ASSIGNED TASK:
Retype the material that follows exactly, limited to the lines from the one with "-. Brand : Disney" through the one with "자갈치 시장 입갤! (피곤한건가? 자세가 영 별로임..)", and keep out all pictures.

MATERIAL SUPPLIED:
BEGIN
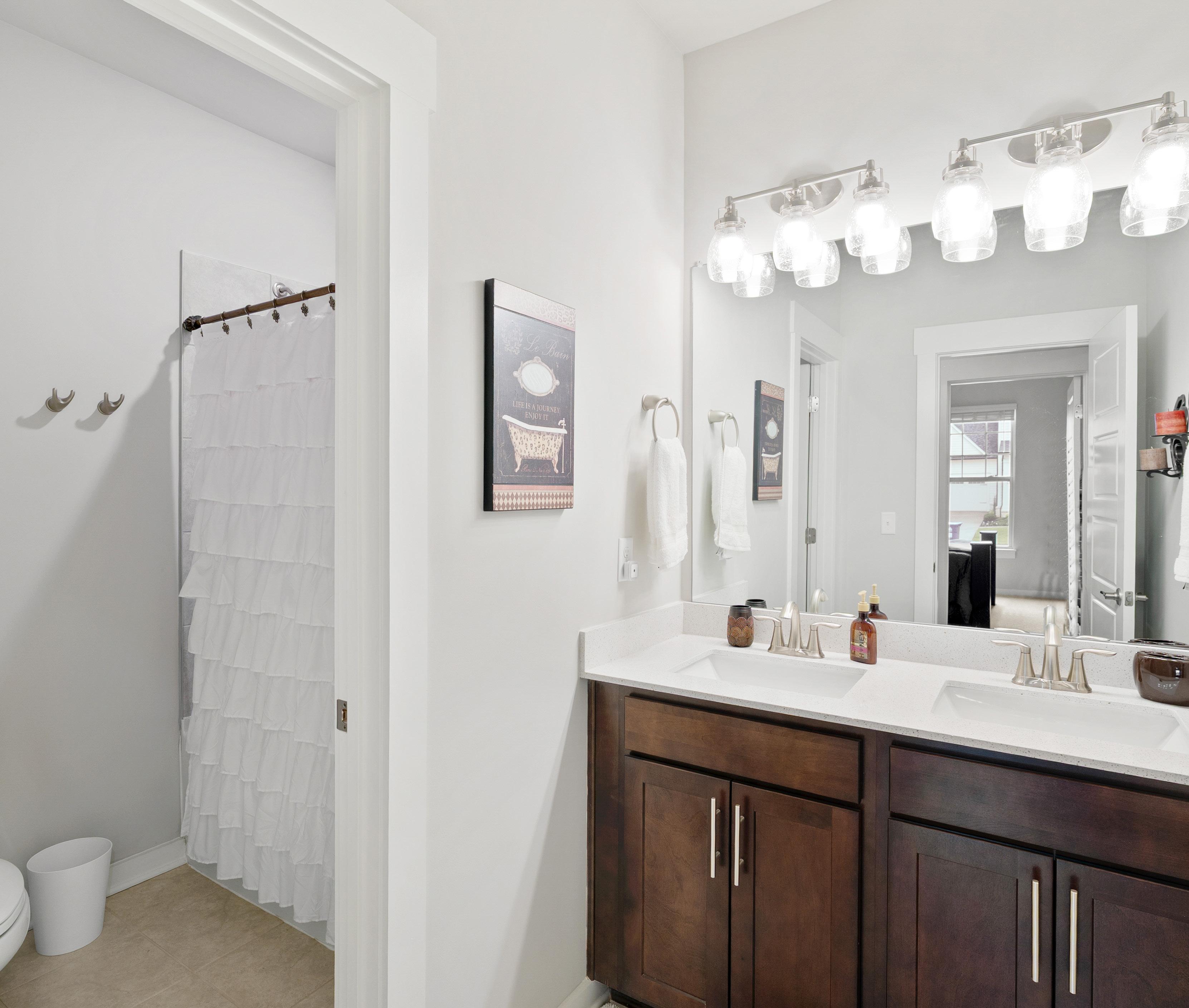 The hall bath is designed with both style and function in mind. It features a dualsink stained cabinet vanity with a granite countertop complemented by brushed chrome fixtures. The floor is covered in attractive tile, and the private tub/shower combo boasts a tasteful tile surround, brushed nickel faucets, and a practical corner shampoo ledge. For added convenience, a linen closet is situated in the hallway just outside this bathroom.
END
BEGIN
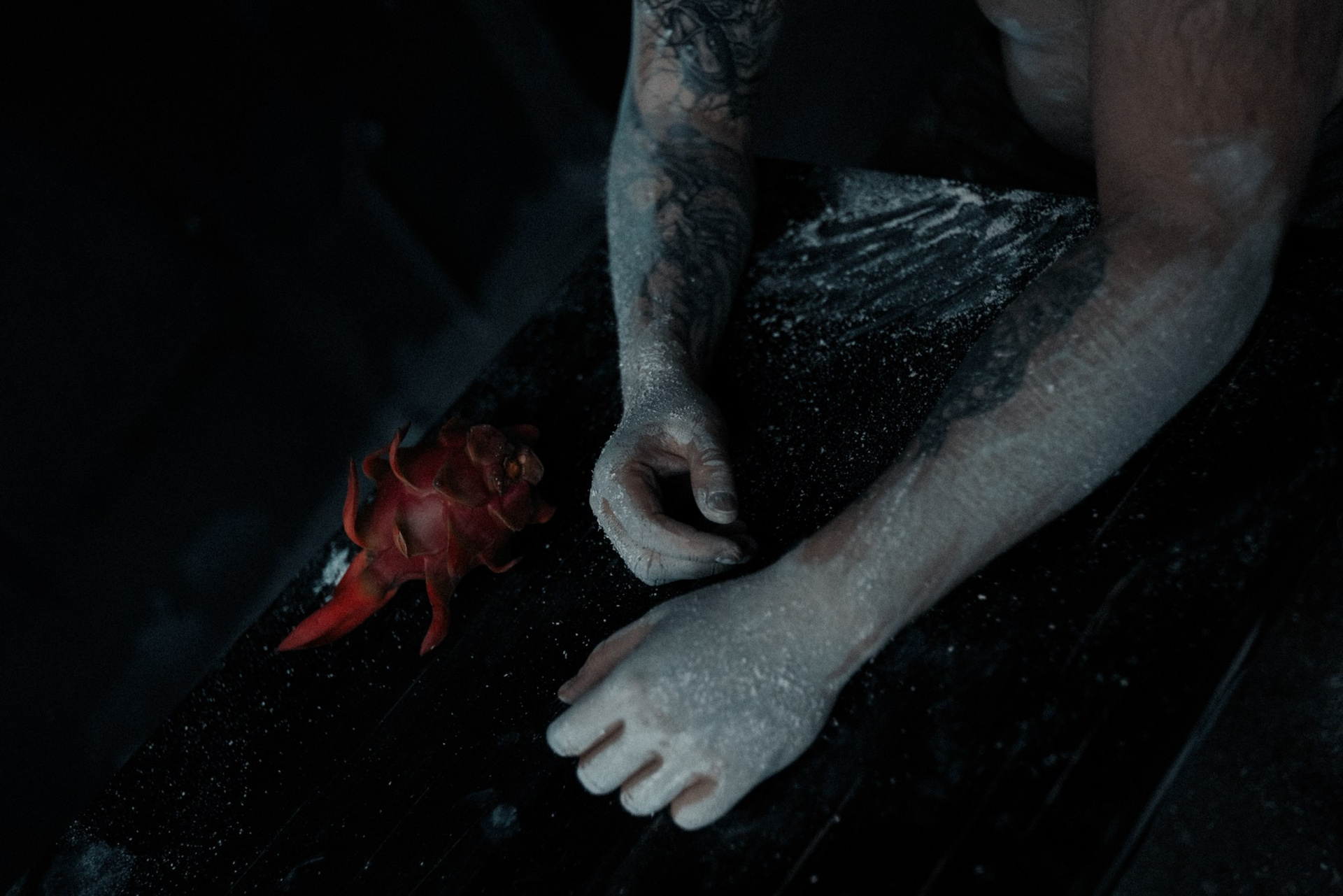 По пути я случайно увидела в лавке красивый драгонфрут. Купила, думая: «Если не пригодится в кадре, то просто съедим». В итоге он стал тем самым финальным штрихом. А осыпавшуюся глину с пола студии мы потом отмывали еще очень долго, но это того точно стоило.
END
BEGIN
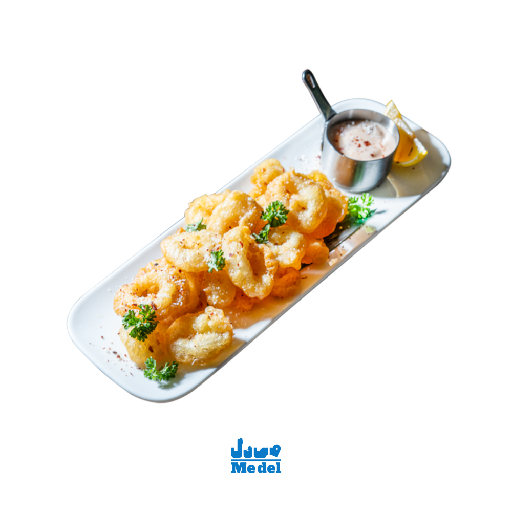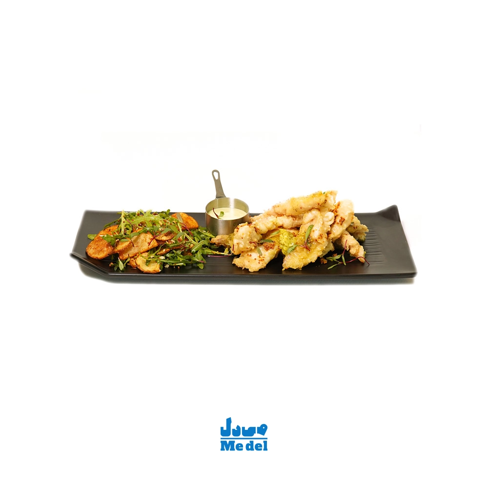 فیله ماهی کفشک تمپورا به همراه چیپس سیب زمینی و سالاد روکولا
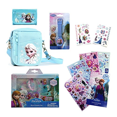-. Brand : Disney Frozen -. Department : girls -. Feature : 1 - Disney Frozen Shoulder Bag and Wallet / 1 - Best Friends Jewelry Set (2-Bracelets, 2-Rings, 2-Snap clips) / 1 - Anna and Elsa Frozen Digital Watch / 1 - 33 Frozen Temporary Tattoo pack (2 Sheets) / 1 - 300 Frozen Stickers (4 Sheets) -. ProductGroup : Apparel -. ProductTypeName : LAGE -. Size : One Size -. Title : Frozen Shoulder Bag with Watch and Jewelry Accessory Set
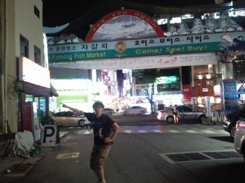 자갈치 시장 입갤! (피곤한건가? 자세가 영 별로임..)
END
SOLUTION FOR THIS EXERCISE:
-. Brand : Disney Frozen -. Department : girls -. Feature : 1 - Disney Frozen Shoulder Bag and Wallet / 1 - Best Friends Jewelry Set (2-Bracelets, 2-Rings, 2-Snap clips) / 1 - Anna and Elsa Frozen Digital Watch / 1 - 33 Frozen Temporary Tattoo pack (2 Sheets) / 1 - 300 Frozen Stickers (4 Sheets) -. ProductGroup : Apparel -. ProductTypeName : LAGE -. Size : One Size -. Title : Frozen Shoulder Bag with Watch and Jewelry Accessory Set
 자갈치 시장 입갤! (피곤한건가? 자세가 영 별로임..)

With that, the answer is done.